Steven Walts, superintendent of Prince William County schools

UPDATED: Prince William County Schools Superintendent Steven Walts will retire effective July 1, when his current contract expires, Walts said in a statement Thursday afternoon. 

Walts announced his retirement to school board members via email Thursday morning and then shared the news with some school division staff during the annual Equity and Excellence in Education conference, which was held virtually on Thursday.

Walts appeared on video with his wife, Kathleen, their teenage daughter and the family's two dogs to make the announcement, according to a source close to the school division.

The announcement took the school board by surprise, the source said. Walts later issued a formal statement announcing his retirement at about 3:15 p.m. Thursday, Aug. 13.

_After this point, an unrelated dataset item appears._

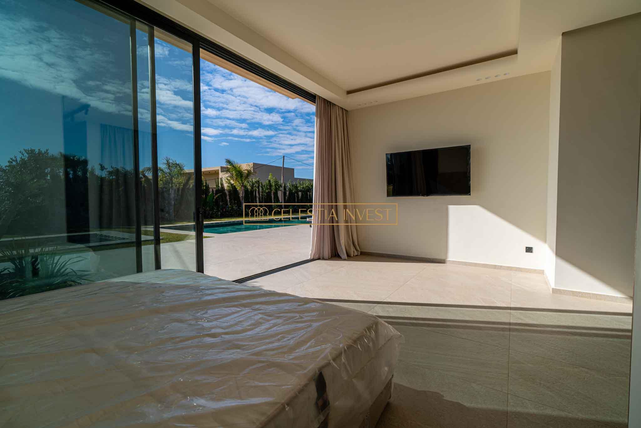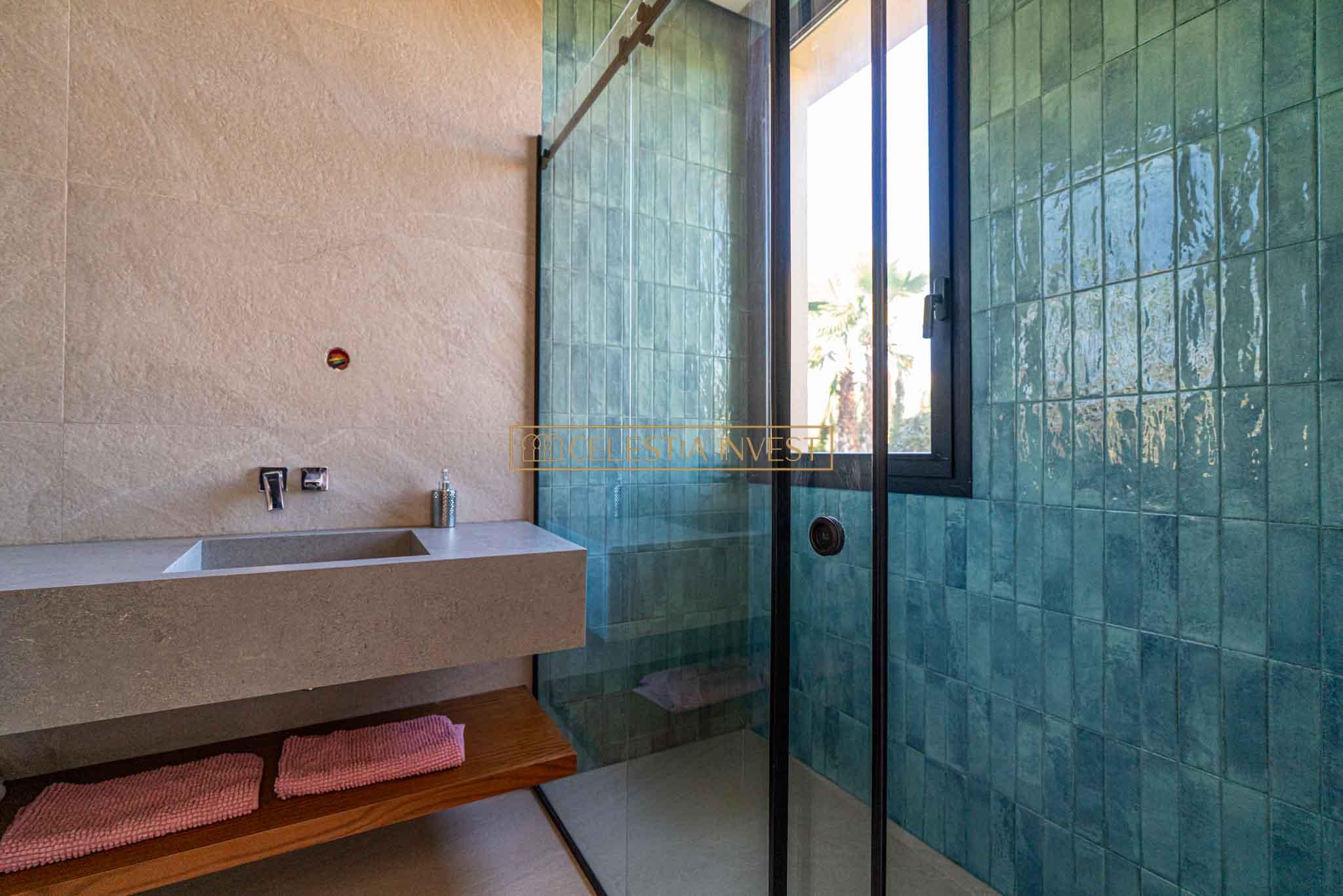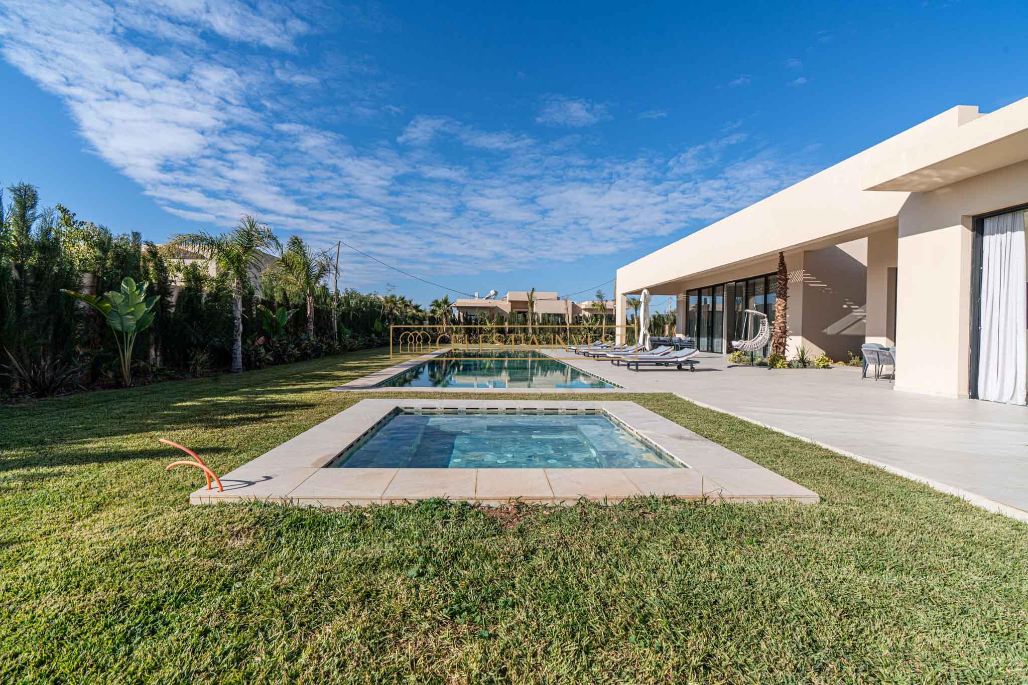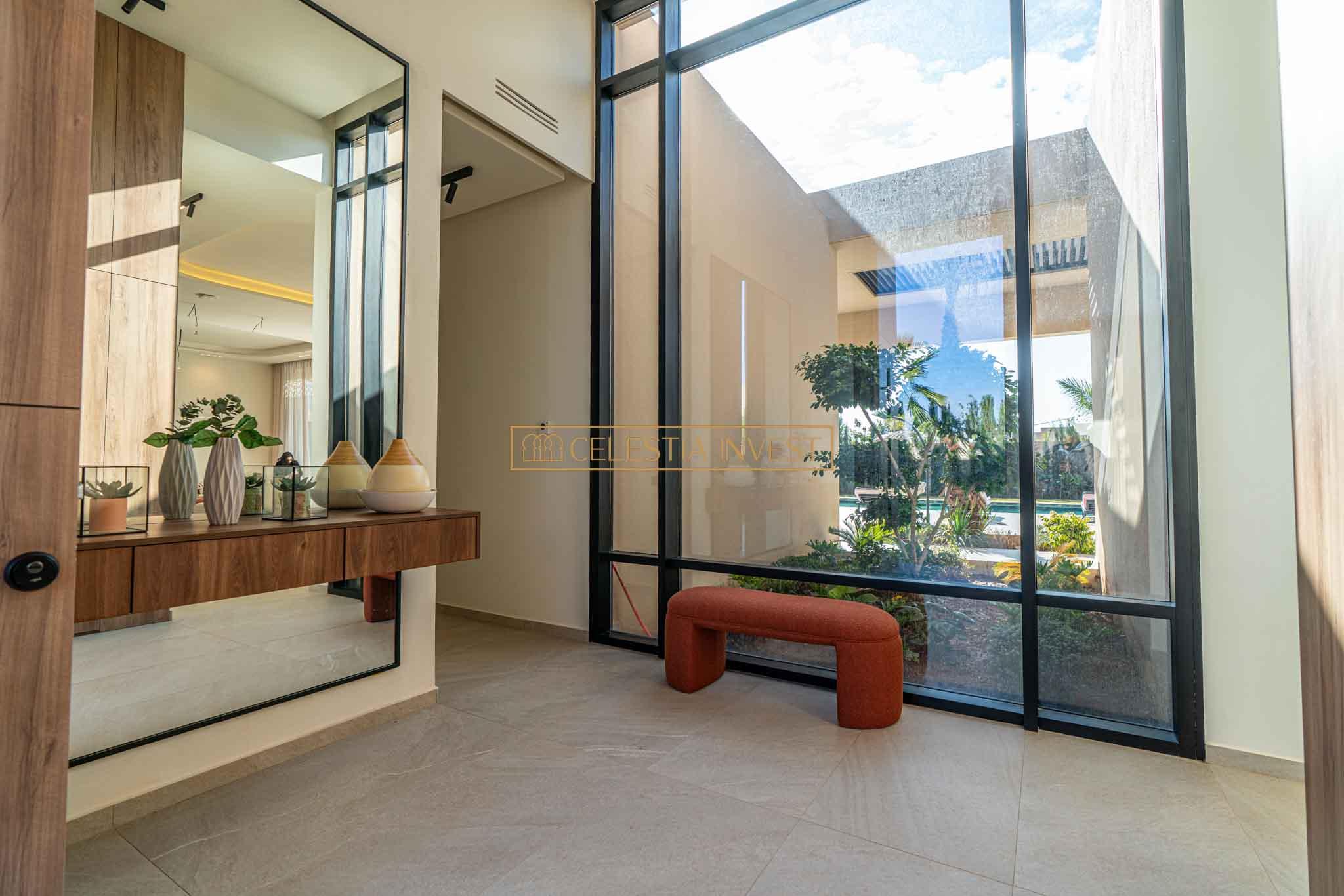 Située dans le secteur recherché de Sidi Abdellah Ghiat, à seulement 30 minutes du centre-ville de Marrakech, cette somptueuse villa de style beldi chic offre un cadre de vie exceptionnel, alliant authenticité marocaine, volumes généreux et prestations haut de gamme. Implantée sur un vaste terrain de 10.200 m², la propriété bénéficie d’un environnement naturel préservé, d’une tranquillité absolue et d’une vue dégagée sur les montagnes de l’Atlas. Le bien dispose d’une VNA validée, permettant une acquisition sécurisée et conforme à la réglementation en vigueur pour les acquéreurs étrangers. Dès l’entrée, la villa séduit par son architecture élégante et son organisation harmonieuse autour de patios et de terrasses. Les espaces de vie se distinguent par leurs beaux volumes et leur luminosité. Le double salon – séjour, agrémenté d’une cheminée, offre une atmosphère chaleureuse et conviviale, idéale pour recevoir. Un salon TV indépendant vient compléter ces espaces, tandis qu’une salle à manger intérieure élégante et une salle à manger extérieure permettent de profiter pleinement des repas en toute saison. Le salon extérieur, ouvert sur le jardin et la piscine, prolonge naturellement les espaces de vie vers l’extérieur. La cuisine entièrement équipée, fonctionnelle et moderne, répond parfaitement aux exigences d’une villa de standing. Une buanderie, un local de stockage ainsi que les locaux techniques assurent un confort d’organisation optimal au quotidien. La partie nuit se compose de quatre chambres confortables, pensées pour offrir intimité et sérénité, ainsi qu’une chambre de service. L’ensemble de la villa est équipé d’une climatisation réversible, garantissant un confort thermique optimal tout au long de l’année. Les extérieurs constituent l’un des atouts majeurs de cette propriété. Le jardin mature, richement arboré, entoure une magnifique piscine extérieure aménagée avec transats et parasols, invitant à la détente sous le soleil de Marrakech. De nombreuses terrasses, un solarium, une cour intérieure, ainsi qu’un élégant patio avec fontaine créent une véritable atmosphère de maison de campagne de luxe. La propriété dispose également d’un terrain de tennis privé, d’une salle de sport, et d’un puits, offrant une autonomie et des prestations rares sur le marché. Parfaitement équipée, la villa bénéficie de la sécurité, de la télévision, des chaînes câblées, d’un garage / parking privé, et d’espaces extérieurs soigneusement aménagés, permettant de profiter pleinement du climat et du cadre naturel exceptionnel. Cette villa à vendre à Sidi Abdellah Ghiat représente une opportunité rare sur le marché immobilier de Marrakech. Idéale en résidence principale, résidence secondaire ou pour un investissement immobilier de prestige, elle séduit par son emplacement, son hectare de terrain, son style beldi chic et ses prestations complètes dans un environnement naturel d’exception face à l’Atlas.

In his statement, Walts said he was making the decision and the announcement now to ensure the school division has time to select his successor.

Walts said he strived always during his 16 years at the helm of the school division to put "students and staff first!" He said his “proudest achievement” during his tenure was his recommendation, made during his first year, that the school division transition to full-day kindergarten for every student. 

“The budget was good that year, and we were able to complete this initiative the very next year. This doubled the learning time of our youngest learners, ultimately helping every teacher at every grade level,” Walts wrote. “We have also slowly expanded pre-kindergarten opportunities.”

Walts also noted that all of the county’s 100 schools were accredited without conditions during the last school year and that the graduation rate increased during his tenure from 83% to 92.4%. 

Walts also touted the school division’s work toward closing the achievement gap, with recent passing rates on state tests showing that “students … with disabilities, economically disadvantaged students, and English learners, as well as Black, Hispanic, and White students, surpassed the state average in all content areas.”

“As a part of that academic success, we achieved incredible results with our English learners and, over the years, our immigrant students became some our highest achievers, including valedictorians and salutatorians,” he added.

Walts noted several other achievements under his leadership, including rising SAT scores, the opening of the Governor’s School at Innovation Park, the opening of more than 20 new schools “on time and on budget,” hiring nurses for every school building and expanding career and technical education programs as well as high school specialty programs.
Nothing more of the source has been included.